In ancient Rome Nero during the banquets gustava macedonie and fruit cakes with honey and fruit. In China around the year 2000 A. C. there was a habit of freezing and refrigerating fruit. A base of cooked rice and milk was prepared together with various spices. In the Middle Ages they began to prepare cold desserts based on milk and frozen juices. The first appearances of products similar to ice cream in Italy are from the ninth century D. C. in Sicily.

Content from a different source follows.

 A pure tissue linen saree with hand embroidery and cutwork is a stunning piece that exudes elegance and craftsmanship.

In 1565 the architect Bernardo Buontalenti at the court of Caterina de Medici in Florence invented the most beloved and famous Italian dessert in the world. Another fundamental moment in the history of Italian ice cream occurred in 1686 when the Sicilian chef Francesco Procopio dei Coltelli created the first perfect blend for the production and packaging of ice cream.
Italian ice cream: curiosities
There are many curiosities about Italian ice cream. One of these concerns its export to the United States that took place by the Genoese Giovanni Bosio in 1770.

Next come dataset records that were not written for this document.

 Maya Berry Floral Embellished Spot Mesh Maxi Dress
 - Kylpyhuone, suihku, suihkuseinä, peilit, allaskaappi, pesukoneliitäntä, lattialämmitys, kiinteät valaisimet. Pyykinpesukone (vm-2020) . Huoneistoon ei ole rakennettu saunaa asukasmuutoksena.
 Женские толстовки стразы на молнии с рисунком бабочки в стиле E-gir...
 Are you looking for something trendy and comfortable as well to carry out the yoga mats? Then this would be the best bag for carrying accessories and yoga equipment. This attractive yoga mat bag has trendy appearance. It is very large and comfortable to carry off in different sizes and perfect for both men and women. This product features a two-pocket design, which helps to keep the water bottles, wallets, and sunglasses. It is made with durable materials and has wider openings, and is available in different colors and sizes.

But not only in fact there were other fundamental passages that saw the Italians as protagonists such as the invention of the cone. The cone was invented by the Italian Italo Marchioni in 1868.

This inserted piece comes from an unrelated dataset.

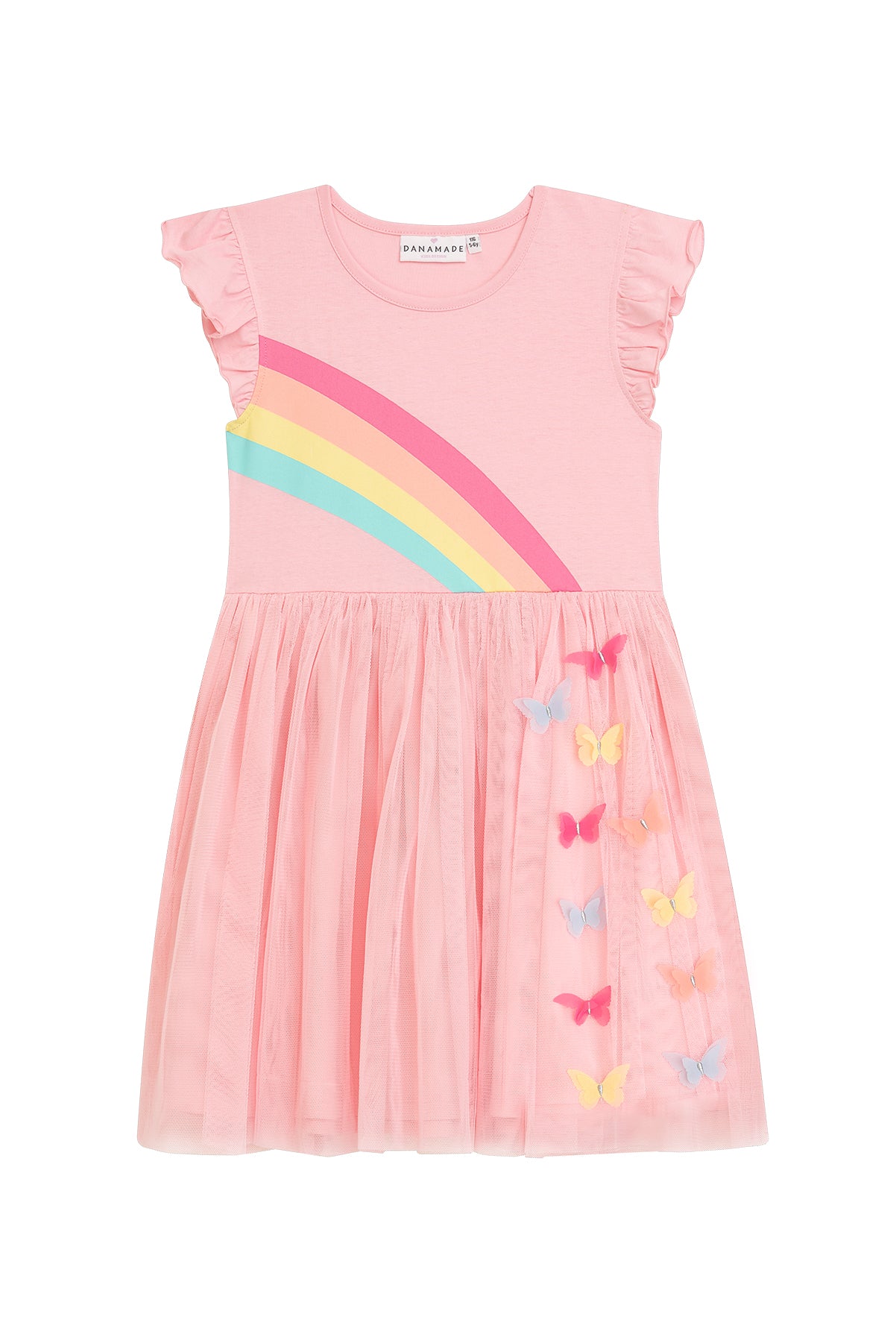 Danamade DPALMIRA Girls Ruffled Short Sleeves Dress with Rainbow and Butterflies - Rose

The first ice cream shop in history was born in 1880 in Rome and was called Palazzo del freddo Fassi. To have the first automatic ice cream machine you have to wait until 1927 when Otello Cattabriga invented this ingenious machine.
Finally, in 1939 it was invented by the cavalier Feletti the first ice cream stick with vanilla taste and covered with chocolate. Italian ice cream is unique as its tradition and is a symbol of history, culture and local flavors. With fruit or cream, in cone or cup will accompany your evenings in the Italian summer.